Tornando alla descrizione della facciata, una fascia marcapiano, delimitata da modeste modanature, sottende il “Piano Nobile” dal quale si affacciano otto finestre, scontornate da una contenutissima incorniciatura e scandite da nove lesene lisce, con capitello di ordine Ionico. L’aggetto delle lesene è davvero ridotto, comprimendo in tal modo la profondità prospettica, in coerenza con le modalità “puriste” assunte da Pietro Tomba, così come coerente è la preferenza per l’ordine Ionico, volutamente in contrapposizione rispetto al granitico, erculeo ordine Dorico dell’Antolini ed al vistoso, sofisticato Corinzio del Pistocchi.





Il piano nobile con le finestre, le lesene e le otto metope. In alto la trabeazione.

Ad ornare la fascia che insiste sugli archi delle otto finestre, sono poste altrettante metope composte da lastre in terracotta plasticate a basso rilievo, anch’esse realizzate da Giovan Battista Ballanti Graziani. Ognuna delle quattro metope centrali, da sei lastre, riproduce allegoricamente sei figure che danzano tenendosi per mano, mentre ognuna di quelle laterali, da nove o sette lastre, ritrae quattro danzatrici che coreograficamente si accompagnano con nastri; le prime due metope e tre elementi della terza, contando da sinistra, sono copie di quelle originali distrutte dagli eventi bellici del 1944.

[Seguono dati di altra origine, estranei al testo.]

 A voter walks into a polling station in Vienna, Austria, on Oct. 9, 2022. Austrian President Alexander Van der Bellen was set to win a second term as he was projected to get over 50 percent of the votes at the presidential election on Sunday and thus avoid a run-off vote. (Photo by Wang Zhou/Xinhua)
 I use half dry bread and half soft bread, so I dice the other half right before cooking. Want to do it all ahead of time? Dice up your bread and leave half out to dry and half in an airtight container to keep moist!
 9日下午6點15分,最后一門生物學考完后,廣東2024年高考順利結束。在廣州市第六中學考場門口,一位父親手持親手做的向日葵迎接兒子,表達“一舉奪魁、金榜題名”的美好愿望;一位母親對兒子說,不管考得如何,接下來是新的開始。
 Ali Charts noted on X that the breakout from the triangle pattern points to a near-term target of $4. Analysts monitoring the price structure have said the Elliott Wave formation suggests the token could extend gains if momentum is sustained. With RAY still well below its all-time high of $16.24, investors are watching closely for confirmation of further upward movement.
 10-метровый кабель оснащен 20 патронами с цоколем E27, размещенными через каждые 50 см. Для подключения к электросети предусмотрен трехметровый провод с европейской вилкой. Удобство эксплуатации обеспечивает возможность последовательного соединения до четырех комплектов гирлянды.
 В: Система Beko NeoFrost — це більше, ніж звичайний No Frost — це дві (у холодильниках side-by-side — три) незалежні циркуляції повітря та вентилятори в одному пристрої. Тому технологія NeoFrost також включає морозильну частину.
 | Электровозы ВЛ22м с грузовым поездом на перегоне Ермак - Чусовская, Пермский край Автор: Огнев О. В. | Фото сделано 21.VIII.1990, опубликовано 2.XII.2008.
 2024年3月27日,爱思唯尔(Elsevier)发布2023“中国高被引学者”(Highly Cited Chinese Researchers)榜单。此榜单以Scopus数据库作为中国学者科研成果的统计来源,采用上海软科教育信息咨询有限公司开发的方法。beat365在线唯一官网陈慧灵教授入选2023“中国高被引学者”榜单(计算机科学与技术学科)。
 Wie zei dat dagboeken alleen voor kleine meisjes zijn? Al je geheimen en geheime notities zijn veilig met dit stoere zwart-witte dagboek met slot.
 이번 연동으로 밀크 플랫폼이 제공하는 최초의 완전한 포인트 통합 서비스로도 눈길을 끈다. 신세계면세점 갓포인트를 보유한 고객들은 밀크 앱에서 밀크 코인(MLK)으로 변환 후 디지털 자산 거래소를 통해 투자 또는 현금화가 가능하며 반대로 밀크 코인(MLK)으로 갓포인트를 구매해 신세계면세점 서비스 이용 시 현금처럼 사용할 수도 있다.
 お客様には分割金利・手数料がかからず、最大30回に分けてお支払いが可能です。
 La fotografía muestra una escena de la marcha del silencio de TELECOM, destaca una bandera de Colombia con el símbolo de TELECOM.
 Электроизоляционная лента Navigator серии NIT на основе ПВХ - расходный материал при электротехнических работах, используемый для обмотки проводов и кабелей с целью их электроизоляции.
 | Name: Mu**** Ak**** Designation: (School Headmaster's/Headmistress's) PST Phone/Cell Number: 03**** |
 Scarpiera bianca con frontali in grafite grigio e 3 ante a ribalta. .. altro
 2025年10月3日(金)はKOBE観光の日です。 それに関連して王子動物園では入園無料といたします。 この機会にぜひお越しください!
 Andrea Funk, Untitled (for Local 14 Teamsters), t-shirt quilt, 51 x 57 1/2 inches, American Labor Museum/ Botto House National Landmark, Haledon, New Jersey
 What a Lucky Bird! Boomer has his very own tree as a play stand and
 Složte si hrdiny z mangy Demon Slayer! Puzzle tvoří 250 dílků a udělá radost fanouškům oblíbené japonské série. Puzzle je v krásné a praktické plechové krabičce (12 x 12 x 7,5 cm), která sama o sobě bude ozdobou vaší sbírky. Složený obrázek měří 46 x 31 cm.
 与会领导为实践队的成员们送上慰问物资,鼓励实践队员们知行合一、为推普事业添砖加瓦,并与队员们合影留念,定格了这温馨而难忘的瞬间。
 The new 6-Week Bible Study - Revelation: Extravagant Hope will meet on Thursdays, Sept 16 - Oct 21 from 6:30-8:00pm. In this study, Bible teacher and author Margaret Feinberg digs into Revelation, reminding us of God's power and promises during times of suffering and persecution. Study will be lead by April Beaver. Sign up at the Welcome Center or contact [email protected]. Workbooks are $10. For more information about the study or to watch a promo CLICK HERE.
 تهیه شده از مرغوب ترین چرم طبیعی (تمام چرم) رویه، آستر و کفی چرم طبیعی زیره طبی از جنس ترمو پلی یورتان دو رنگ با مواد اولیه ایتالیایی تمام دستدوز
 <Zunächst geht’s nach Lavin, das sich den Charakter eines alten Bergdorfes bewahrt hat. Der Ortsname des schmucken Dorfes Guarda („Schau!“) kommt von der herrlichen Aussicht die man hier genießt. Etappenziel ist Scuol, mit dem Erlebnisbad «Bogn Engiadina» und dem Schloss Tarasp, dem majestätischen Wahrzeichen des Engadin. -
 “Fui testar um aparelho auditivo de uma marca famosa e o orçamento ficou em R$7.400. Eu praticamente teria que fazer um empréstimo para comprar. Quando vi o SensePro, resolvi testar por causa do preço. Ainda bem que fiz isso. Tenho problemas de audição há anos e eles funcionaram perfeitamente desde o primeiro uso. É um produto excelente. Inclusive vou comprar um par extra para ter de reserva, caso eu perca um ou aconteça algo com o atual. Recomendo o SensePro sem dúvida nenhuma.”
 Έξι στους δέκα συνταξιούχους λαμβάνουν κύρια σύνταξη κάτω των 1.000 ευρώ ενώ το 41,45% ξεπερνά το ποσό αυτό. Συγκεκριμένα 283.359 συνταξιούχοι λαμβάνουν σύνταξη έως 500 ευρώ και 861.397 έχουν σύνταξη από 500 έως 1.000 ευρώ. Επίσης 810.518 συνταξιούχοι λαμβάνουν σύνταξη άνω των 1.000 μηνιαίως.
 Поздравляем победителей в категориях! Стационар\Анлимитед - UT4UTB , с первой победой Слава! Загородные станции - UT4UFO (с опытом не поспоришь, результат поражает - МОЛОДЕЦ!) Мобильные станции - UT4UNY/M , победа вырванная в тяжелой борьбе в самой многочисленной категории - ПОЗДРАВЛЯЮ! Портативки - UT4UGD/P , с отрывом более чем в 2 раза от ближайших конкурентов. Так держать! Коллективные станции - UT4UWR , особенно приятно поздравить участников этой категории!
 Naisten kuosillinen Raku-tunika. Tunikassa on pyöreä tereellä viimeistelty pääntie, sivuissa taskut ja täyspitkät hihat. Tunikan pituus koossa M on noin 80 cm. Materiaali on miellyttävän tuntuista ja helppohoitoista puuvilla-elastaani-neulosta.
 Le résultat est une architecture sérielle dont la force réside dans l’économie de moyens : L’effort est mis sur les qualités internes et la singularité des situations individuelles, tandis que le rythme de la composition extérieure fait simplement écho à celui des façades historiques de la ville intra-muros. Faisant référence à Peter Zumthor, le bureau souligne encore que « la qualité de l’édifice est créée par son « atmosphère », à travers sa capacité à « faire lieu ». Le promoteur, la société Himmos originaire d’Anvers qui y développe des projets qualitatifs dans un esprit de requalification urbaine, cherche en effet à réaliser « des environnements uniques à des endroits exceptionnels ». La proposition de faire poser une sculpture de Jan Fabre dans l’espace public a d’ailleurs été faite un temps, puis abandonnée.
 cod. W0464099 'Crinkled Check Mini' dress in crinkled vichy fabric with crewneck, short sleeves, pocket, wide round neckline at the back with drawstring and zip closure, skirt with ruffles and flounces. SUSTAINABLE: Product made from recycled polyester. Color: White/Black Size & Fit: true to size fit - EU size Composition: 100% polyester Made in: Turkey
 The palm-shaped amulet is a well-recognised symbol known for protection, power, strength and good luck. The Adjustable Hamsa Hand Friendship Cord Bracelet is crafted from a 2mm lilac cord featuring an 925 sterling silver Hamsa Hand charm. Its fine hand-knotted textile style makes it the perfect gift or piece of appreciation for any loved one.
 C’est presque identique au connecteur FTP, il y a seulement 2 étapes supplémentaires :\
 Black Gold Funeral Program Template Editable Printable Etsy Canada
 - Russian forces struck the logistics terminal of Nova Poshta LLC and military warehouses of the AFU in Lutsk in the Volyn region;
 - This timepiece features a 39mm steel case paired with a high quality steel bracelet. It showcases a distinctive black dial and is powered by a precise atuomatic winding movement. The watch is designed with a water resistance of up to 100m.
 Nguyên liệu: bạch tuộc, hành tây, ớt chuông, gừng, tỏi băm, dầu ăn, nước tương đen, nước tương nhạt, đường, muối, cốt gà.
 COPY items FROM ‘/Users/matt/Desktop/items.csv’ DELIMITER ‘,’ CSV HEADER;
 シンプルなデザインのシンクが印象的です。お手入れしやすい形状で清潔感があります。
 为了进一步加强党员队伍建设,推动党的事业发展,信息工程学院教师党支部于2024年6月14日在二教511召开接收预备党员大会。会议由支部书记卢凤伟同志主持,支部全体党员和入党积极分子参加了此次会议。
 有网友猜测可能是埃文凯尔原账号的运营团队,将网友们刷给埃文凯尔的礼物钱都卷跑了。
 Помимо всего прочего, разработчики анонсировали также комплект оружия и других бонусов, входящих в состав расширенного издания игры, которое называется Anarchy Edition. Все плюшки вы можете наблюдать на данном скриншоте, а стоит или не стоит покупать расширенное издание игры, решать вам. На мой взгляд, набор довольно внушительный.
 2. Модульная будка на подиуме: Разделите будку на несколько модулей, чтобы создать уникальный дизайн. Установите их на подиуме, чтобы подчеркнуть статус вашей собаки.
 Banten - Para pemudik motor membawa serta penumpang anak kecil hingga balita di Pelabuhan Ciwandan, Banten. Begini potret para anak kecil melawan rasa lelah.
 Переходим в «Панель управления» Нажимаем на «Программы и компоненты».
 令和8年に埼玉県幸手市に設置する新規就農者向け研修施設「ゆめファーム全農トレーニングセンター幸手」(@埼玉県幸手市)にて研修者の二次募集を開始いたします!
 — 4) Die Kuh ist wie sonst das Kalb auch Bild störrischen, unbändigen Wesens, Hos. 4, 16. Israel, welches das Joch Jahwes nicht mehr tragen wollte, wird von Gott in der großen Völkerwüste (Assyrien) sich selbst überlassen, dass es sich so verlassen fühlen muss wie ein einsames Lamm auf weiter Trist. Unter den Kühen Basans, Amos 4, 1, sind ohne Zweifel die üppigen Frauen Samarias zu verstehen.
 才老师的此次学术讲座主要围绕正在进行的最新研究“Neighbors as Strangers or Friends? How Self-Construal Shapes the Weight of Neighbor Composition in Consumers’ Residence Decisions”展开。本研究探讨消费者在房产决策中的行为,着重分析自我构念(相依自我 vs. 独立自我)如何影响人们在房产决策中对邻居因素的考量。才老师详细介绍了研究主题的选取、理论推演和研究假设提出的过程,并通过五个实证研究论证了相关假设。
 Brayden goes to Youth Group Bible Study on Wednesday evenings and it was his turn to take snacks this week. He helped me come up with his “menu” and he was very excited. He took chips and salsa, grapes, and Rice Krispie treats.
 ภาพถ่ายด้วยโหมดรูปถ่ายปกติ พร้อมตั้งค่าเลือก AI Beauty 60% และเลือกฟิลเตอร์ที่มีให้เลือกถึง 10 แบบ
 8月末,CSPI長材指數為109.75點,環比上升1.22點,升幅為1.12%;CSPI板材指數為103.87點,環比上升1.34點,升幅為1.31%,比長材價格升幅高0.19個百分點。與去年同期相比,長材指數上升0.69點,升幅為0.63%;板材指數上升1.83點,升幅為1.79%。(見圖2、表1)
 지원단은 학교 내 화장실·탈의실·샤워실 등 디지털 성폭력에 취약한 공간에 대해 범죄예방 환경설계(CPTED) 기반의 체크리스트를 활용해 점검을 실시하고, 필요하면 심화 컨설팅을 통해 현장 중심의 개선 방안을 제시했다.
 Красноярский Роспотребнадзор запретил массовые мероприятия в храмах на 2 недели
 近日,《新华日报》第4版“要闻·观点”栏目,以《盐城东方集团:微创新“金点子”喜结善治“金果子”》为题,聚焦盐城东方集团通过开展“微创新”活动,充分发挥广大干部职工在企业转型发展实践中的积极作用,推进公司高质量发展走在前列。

             Una delle quattro metope centrali. Allegoria con sei figure danzanti che si tengono per mano.


       Particolare di una lesena con capitello di ordine
        Ionico ed un segmento di trabeazione.

   Una delle quattro metope laterali. Allegoria con quattro danzatrici che si accompagnano con nastri.


 Il prospetto di Casa Piani – Pasi si conclude nella parte sommitale con una trabeazione a cassonatura,  scandita e sostenuta da mensole a foglia d’acanto ritorta.  È proprio dal diverso stato di conservazione e dal difforme tono cromatico delle mensole che visivamente si distingue il punto di congiunzione fra la parte originale dell’edificio e quella ricostruita nel dopoguerra.